Serving the community since 1970

Storm Encounter makes disaster real

Nearly 80 people toured the Storm Encounter exhibit at the Mennonite Brethren Church in Shafter last week. According to Deanna Thompson, a member of the Mennonite Brethren Church and a volunteer for the Mennonite Disaster Service, said that she and her husband, Corwin, had the trailer for a couple of weeks, taking the exhibit to different areas of Kern County. "We had a great time meeting a lot of new people and sharing this experience with them."

The Storm Encounter trailer is a multimedia theater that gives a group of eight people at a time, an experience that mimics a natural disaster. The chairs in the trailer rumble and shake, as well as a dip in the temperature in the room, as well as mists of "rain" as the windows are shattered on screen when the tornado hits the structure.

It was a moving and touching presentation, as the viewer can see the aftermath of a tornado, and what devastation it causes. "You really can't imagine what people go through to lose everything.

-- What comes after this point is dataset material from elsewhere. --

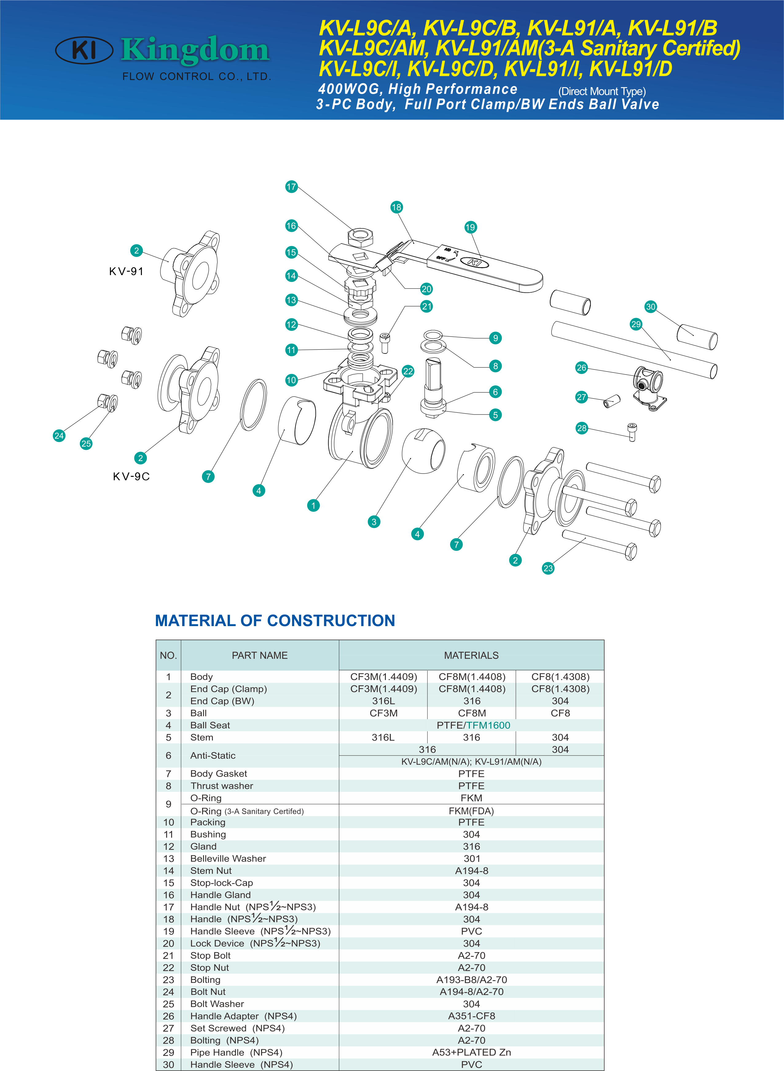 - ISO 2852 (L9C/I) ASME BPE, BS 4825 (L9C/B)
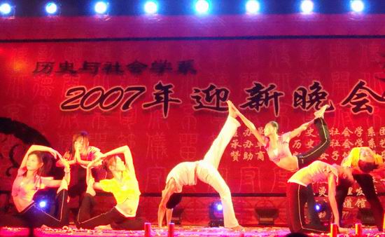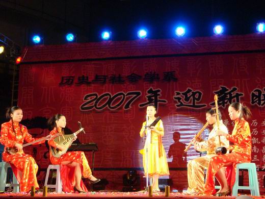 11月24日晚上7点,历史与社学系2007年迎新晚会在达理公寓学生活动中心隆重上演,现场气氛热烈,掌声雷动。院长王复兴、院团委书记朱百里、历史系主任邓文金、党总支副书记白永坤与系部分教师到场观看了晚会。

From their home, their belongings, a lot of times their sense of peace."

Mennonite Disaster Service works to bring back that peace, and help them rebuild their communities, one home and one day at a time.

The MDS went to Lake Isabella when they had a series of wildfires that caused severe damage to homes and terrain throughout the area. Workers were there helping the homeowners with labor to help rebuild. Roger Riley, project manager of the Kingsburg MDS, said that the homeowners do not have to pay a penny out of pocket for rebuilding that is done. "Donations are made and materials are donated, as well as if the homeowner happens to have any insurance that might pay for some of it, the project is done by a community effort."

MDS provides the labor for the projects. They welcome anyone who would like to make a difference in someone's life, who may have experienced a devastating loss. Thompson said, "No experience is needed. They will teach you whatever needs to be done. They have wonderful leaders that are experienced and show you what to do."

Thompson and her husband are on their way to Idaho this week, going for a couple of weeks to help at a site in that area. "I will be cooking in the kitchen and my husband will be helping direct the workers on what to do and how to do it."

"It has been such a life-changing experience for us," added Thompson.